Когда я спровадила всех гостей, ответив на очередную порцию комплиментов и отклонив самые нескромные предложения, осталась наедине с картиной. Ее мне единогласно презентовали мои приятели.

Из недр дома вышла прислуга и критично уставилась на творение коллежского асессора.

– Срам-то какой. – охнула Евдокия и перекрестилась. Устя, по-видимому, была с ней согласна.

– У нас в усадьбе разные обнаженные висят. Даная есть, нимфы всякие. Есть графини и поболее открытые. – возразил Мефодий. – Бабка Николая Владимировича, царствие ей небесное, вообще по пояс голая.

А вот этот портрет я видела. Оказалось, что в конце XVIII-начале XIX века мода несколько отличалась от того, что нам показывали в «Войне и мире». Причем настолько капитально отличалась, что я потом даже в интернете прошустрила, а то казалось, что попала в вертеп развратников. Платьица тогда носили из тонких тканей и без чехлов. То есть ножки и все прочие прелести светили только так. А декольте, обнажавшее соски, вообще считалось нормой жизни. Говорят, Наполеон раз осмотрел очередную даму на балу и потребовал одеться, прежде чем заговаривать с ним. Действительно, ладно осьмнадцатилетние прекрасные дивы, но после стандартных пяти-восьми родов, без фитнеса и подтяжек выставиться в тонкой тюли – это тот еще экстрим. Да и для русской зимы мода – самое то.

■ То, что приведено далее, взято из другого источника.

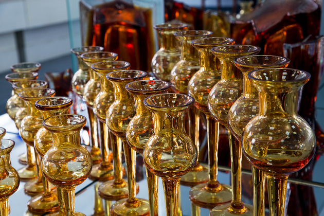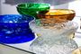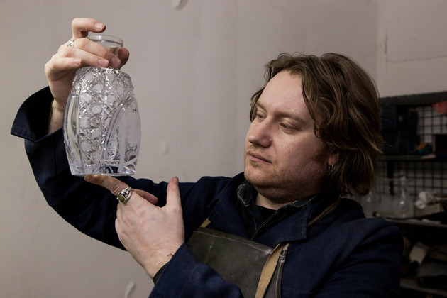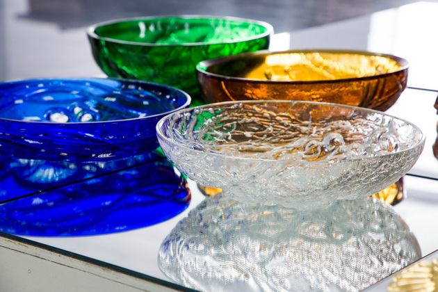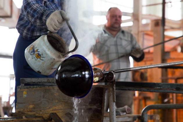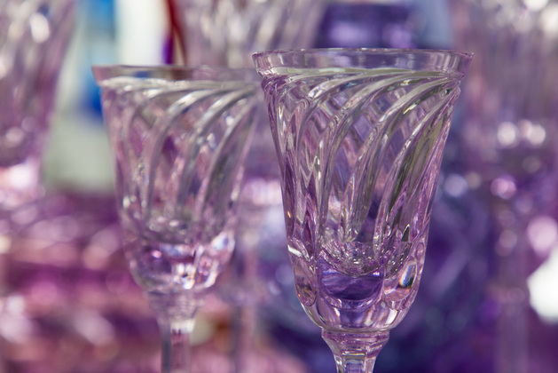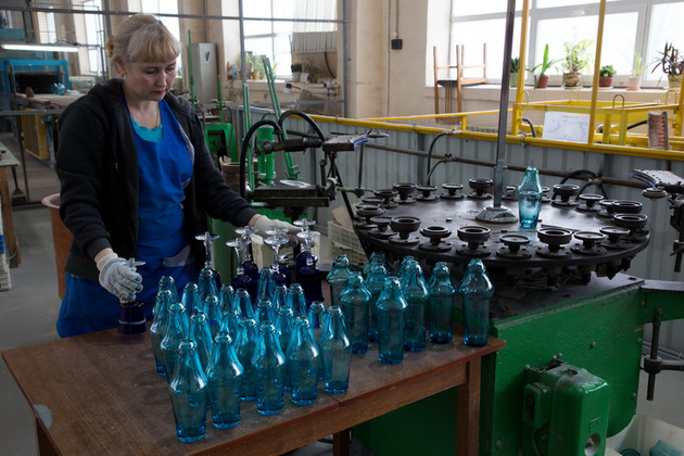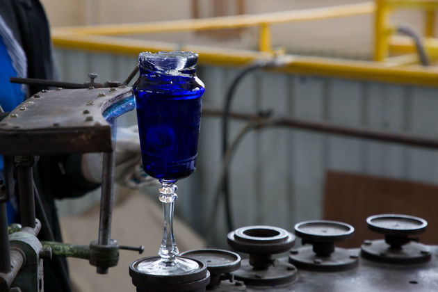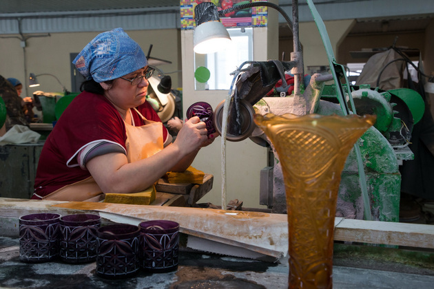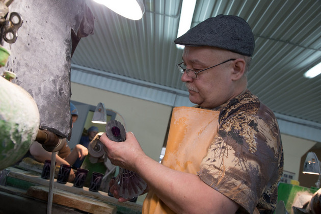 В новейшей истории завод сделал ставку на яркость - однотонные цветные изделия или изделия с цветным накладом. В производстве они сложнее, но результат стоит усилий. Мастер опускает бесцветную каплю хрусталя в центробежку, где уже замешан цвет. Ярко и быстро два слоя соединяются: цветной наклад обволакивает бесцвет. Позже наклад украсят рисунком - прорежут грани, сквозь которые засияет прозрачный хрусталь.

И лишь Демьян взирал на картину с восхищением – насколько я поняла, ему понравились перья. Надо будет прикупить перьевую щетку для хрусталя.

– Дареному коню в зубы не смотрят. – резюмировала я. – Мефодий, пойдем в спальне повесим.

Но в спальне этому полотну мешали жабы, в гостиной я уже стены заняла, столовая – не лучшее место, в кабинете не сочеталось со стилем… Устя уже понадеялась, что выкинем ко псам, но тут я вспомнила про зимний сад. Среди зарослей передумавшей умирать хойи эротическое полотно хозяйки дома смотрелось вполне органично.

Прислуга отправилась спать, а я еще полюбовалась на себя. Лучше, чем в жизни получилась. Главное, чтобы теперь мальчик мной особенно не увлекался.

13

Пост напротив моих окон словно умер. Раньше мальчики менялись и работали в режиме сутки через сутки, я привыкла уже к ним, Мефодий исправно подкармливал, о чем, очевидно, начальству не докладывали. А тут уже несколько дней окна зашторены, позавчера вообще в эти комнаты заселилась семья с детьми. Глава семьи явно из морского ведомства, дома практически не бывает. Я с помощью бинокля рассмотрела все возможные точки наблюдения за собственными окнами – глухо.

Так оно, конечно, приятно, что наблюдать больше не будут, но странно как-то.

Дом уже затих и погрузился в сон, когда возле моих дверей остановился экипаж. Пассажира как-то коряво выгрузили на мостовую и подтащили к крыльцу. Вслед за телом отправился объемистый саквояж. Возница воровато огляделся и явно сомневался, стоит ли бросить все как есть, постучать или свалить, копался в карманах и в целом не внушал доверия.

Поскольку я не ложилась спать и музицировала на забытой гостями гитаре, то рассмотрела всю сценку. Господин Тюхтяев живописно распластался у моей двери.

– Демьян!!!!! – заорала я и бросилась отпирать замок и засов.

Немой в одном исподнем выбежал в парадную, мгновенно оценил ситуацию и затащил тело внутрь. Тем временем я трясла кучера.

– Барыня, да не знаю я ничего. Он письмо просил вручить. С Вашим адресом. А сам сомлел. Я и привез сюда. – бормотал бородатый кучер не самого великого ума.

– Письмо где? – отпустила я его сюртук.

Мне передали конверт и лошадь припустила как на хороших гонках.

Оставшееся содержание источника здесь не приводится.